Friday, October 18, 2013

La Brea Tar Pits

On each of our trips to Southern California we always aim to do something different. Get in our rental car and leave the cocoon we call Disneyland. This trip's big get out of town trip was to the La Brea Tar Pits.

Back in the summer of 1982 we took a family vacation to Southern California. It is probably one of the most memorable trips we ever took as kids in part because it was the only time we went to California, and because I was 12 (almost 13) at the time. We saw our new Uncle Sterling. I hung out at a country club with a relative of one of our neighbors who used to spend part of her summer in Paramus, went to Disneyland, the beach, and La Brea Tar Pits. The trip the took an eastern turn via Houston to Denver to visit Aunt Barbara and Uncle Allen when they lived there.

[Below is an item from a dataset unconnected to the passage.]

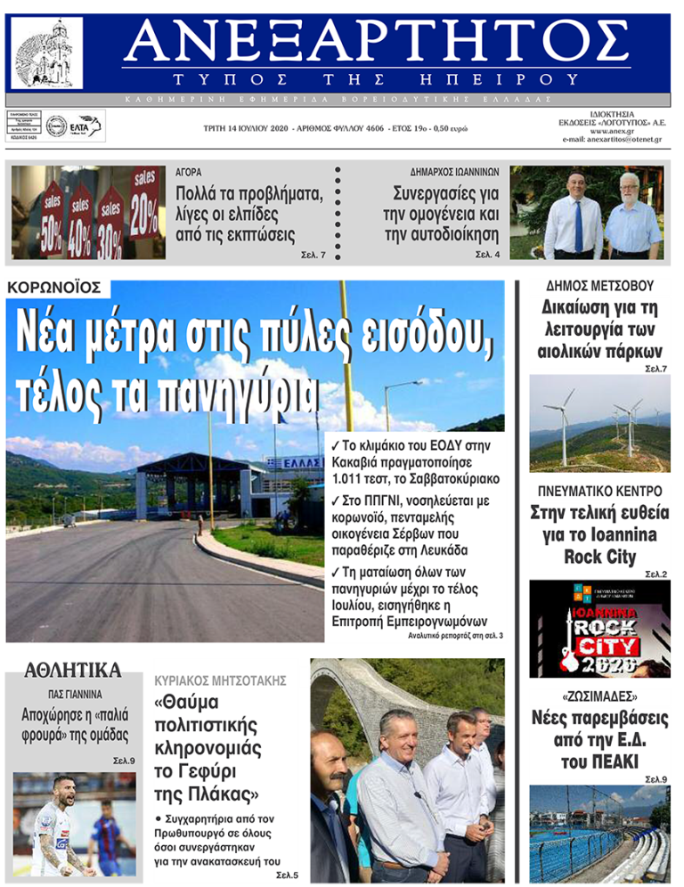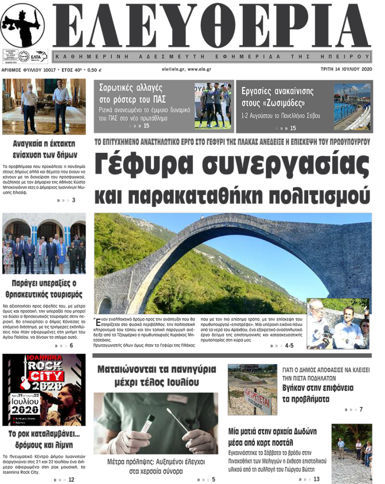 ΑρχικήΕΙΔΗΣΕΙΣΗΠΕΙΡΟΣ ΗΠΕΙΡΟΣ Τα πρωτοσέλιδα των γιαννιώτικων εφημερίδων 14.07.2020 184 FacebookTwitterWhatsAppEmailΤυπώνωViber Διαβάστε στα πρωτοσέλιδα των γιαννιώτικων εφημερίδων σήμερα Τρίτη 14 Ιουλίου. TagsΓΙΑΝΝΙΩΤΙΚΕΣ ΕΦΗΜΕΡΙΔΕΣΠΡΩΤΟΣΕΛΙΔΑ FacebookTwitterWhatsAppEmailΤυπώνωViber Προηγούμενο άρθροΔεύτερο κρούσμα κορωνοϊού στην ΆρταΕπόμενο άρθροΦωτοβολταϊκό σύστημα προσφέρει «Ενέργεια για Ζωή» ΣΧΕΤΙΚΑ ΑΡΘΡΑ Τα πρωτοσέλιδα των γιαννιώτικων εφημερίδων TOP STORIES 15.11.2025 Τα πρωτοσέλιδα των γιαννιώτικων εφημερίδων ΗΠΕΙΡΟΣ 14.11.2025 Τα πρωτοσέλιδα των γιαννιώτικων εφημερίδων ΗΠΕΙΡΟΣ 13.11.2025 Τα πρωτοσέλιδα των γιαννιώτικων εφημερίδων ΗΠΕΙΡΟΣ 12.11.2025 Τα πρωτοσέλιδα των γιαννιώτικων εφημερίδων ΗΠΕΙΡΟΣ 11.11.2025 Τα πρωτοσέλιδα των γιαννιώτικων εφημερίδων TOP STORIES 08.11.2025 ΣΤΗΝ ΙΔΙΑ ΚΑΤΗΓΟΡΙΑ Ένας ζωντανός καθρέφτης της παράδοσης με βλέμμα στο μέλλον ΗΠΕΙΡΟΣ 15.11.2025 Μαθηματική έρευνα και κριτική σκέψη στην εποχή της Τεχνητής Νοημοσύνης ΗΠΕΙΡΟΣ 15.11.2025 Τα πρωτοσέλιδα των γιαννιώτικων εφημερίδων TOP STORIES 15.11.2025 ΑΠΟ ΤΗΝ ΠΕΡΙΦΕΡΕΙΑ -Συστάσεις λόγω υψηλών συγκεντρώσεων αιωρούμενων σωματιδίων ΗΠΕΙΡΟΣ 15.11.2025 Εκλογή του Παναγιώτη Σουκάκου στην Ακαδημία Αθηνών ΗΠΕΙΡΟΣ 14.11.2025 Εντυπωσιακό το αποτέλεσμα της αναστήλωσης στο τζαμί Καλούτσανης ΗΠΕΙΡΟΣ 14.11.2025 ΜΗ ΧΑΣΕΤΕ Ένας ζωντανός καθρέφτης της παράδοσης με βλέμμα στο μέλλον Μαθηματική έρευνα και κριτική σκέψη στην εποχή της Τεχνητής Νοημοσύνης Τα πρωτοσέλιδα των γιαννιώτικων εφημερίδων Εντυπωσιακό το αποτέλεσμα της αναστήλωσης στο τζαμί Καλούτσανης Ενιαίο αστικό πάρκο στις παλιές στρατιωτικές φυλακές ΔΗΜΟΦΙΛΗ Σέρρες: Ποινές φυλάκισης στους 30 μετανάστες για τα επεισόδια σε δομή Ανακαλούνται οι δασμοί Τραμπ σε καφέ, κακάο και δεκάδες άλλα τρόφιμα Σε έναν γύρο οι τοπικές εκλογές Τα πρωτοσέλιδα των γιαννιώτικων εφημερίδων ΑΠΟ ΤΗΝ ΠΕΡΙΦΕΡΕΙΑ -Συστάσεις λόγω υψηλών συγκεντρώσεων αιωρούμενων σωματιδίων

Fast forward about 30 years. Ashley became a big Flintstones fan. There is an episode where they reference the La Brea Tar Pits. In trying to dredge up my memories I just could not do the place justice. How often do you find an archaeological dig in the middle of a huge metropolitan city?

As we were making our plans for the trip, I told my sister Rebecca's ST-END Sue that we were thinking of going to the tar pits. Turns out, that is one of her favorite sites. We made plans to meet there after the Wonderland 10K (and a shower). Unfortunately life got in the way, and Sue and HIM could not meet us. We still had a good time.

We learned:
1) There are no dinosaurs in the Tar Pits. Go figure! The dinosaurs became extinct 65 million years, back when Los Angeles was still covered by the ocean. The Tar Pits are only 50,000 years old.

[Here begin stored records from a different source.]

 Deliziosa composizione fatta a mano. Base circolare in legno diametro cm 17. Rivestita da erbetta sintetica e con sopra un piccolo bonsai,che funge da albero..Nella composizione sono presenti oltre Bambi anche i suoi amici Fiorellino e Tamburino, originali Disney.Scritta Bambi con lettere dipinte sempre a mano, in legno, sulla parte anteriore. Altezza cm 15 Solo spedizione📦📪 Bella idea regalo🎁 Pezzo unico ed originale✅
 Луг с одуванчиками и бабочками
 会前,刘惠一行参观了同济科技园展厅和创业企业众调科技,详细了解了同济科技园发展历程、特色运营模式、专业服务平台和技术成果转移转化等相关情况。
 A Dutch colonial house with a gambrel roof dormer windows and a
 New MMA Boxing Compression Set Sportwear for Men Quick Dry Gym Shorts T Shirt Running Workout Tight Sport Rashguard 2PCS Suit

2) There is no "tar" nor "pits." They are really bubbles of crude oil. 
3) The tar pits are still trapping small animals on hot days.

4) They are still digging up remains and studying them.

For me the neatest part of the exhibit was being able to watch scientists at work in Fishbowl Lab. I can't imagine working while people stare at me, but on the other hand jobs in archaeology are rare, so maybe the scientists don't mind as much. The room looked like a step back in time. Funding, as you can surely guess, is a big issue.

Though it would have been a treat to listen to Ragtime Alan play that day (he was a last minute substitute pianist at Coke Corner), my legs and body appreciated the slower day so I could rest up for the Disneyland Half Marathon the next day.